#### Source data
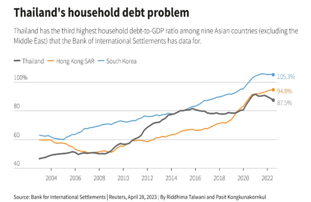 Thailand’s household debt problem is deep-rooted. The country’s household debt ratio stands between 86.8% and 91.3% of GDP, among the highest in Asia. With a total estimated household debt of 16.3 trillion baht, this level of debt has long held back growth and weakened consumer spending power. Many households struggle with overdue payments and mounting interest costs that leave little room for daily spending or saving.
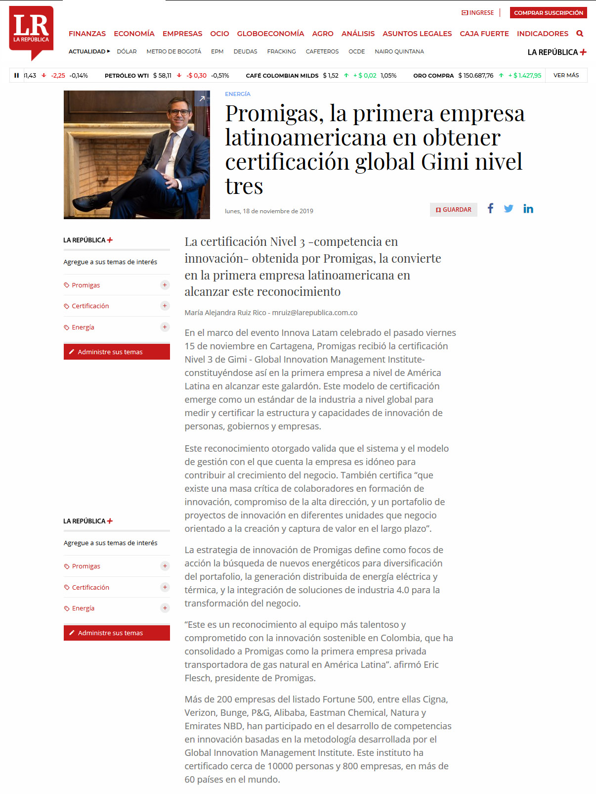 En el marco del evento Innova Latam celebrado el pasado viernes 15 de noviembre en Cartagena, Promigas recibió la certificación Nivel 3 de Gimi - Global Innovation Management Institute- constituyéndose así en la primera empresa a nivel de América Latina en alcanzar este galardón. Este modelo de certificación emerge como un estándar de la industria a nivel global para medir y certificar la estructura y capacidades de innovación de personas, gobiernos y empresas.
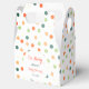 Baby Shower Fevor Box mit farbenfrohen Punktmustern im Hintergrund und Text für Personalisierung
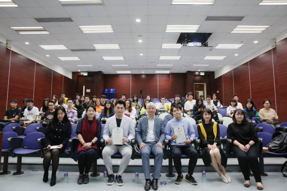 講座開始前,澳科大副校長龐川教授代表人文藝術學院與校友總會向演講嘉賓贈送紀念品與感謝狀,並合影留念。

#### Problem to solve
Each line from the one with "Baby Shower Fevor" to the final line of the data above is to be printed exactly; no picture should appear in the copy.

#### Reply to the task
 Baby Shower Fevor Box mit farbenfrohen Punktmustern im Hintergrund und Text für Personalisierung
 講座開始前,澳科大副校長龐川教授代表人文藝術學院與校友總會向演講嘉賓贈送紀念品與感謝狀,並合影留念。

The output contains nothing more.